Exercise directions: Please transcribe the listing that follows exactly; images are to be excluded.

Information provided:
☆ ☆ ☆ ☆ ☆

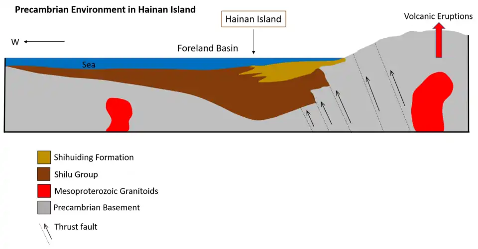 Conformably lying above the Shilu Group was the Shihuiding Formation which was generally low-grade, siliciclastic rocks deposited in foreland basin.[7] The sedimentation took place in the period between Late Mesoproterozoic and Early Neoproterozoic. The rocks were then regionally metamorphosed in the late South China Jinningian event.[1]
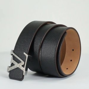 LV ремень кожа Togo черно-коричневый пряжка LV серебро
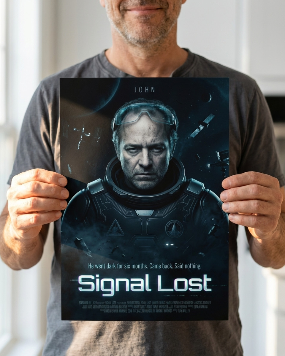 Step into another galaxy. A sci-fi movie poster with a real hero on it.

☆ ☆ ☆ ☆ ☆

Written solution:
 Conformably lying above the Shilu Group was the Shihuiding Formation which was generally low-grade, siliciclastic rocks deposited in foreland basin.[7] The sedimentation took place in the period between Late Mesoproterozoic and Early Neoproterozoic. The rocks were then regionally metamorphosed in the late South China Jinningian event.[1]
 LV ремень кожа Togo черно-коричневый пряжка LV серебро
 Step into another galaxy. A sci-fi movie poster with a real hero on it.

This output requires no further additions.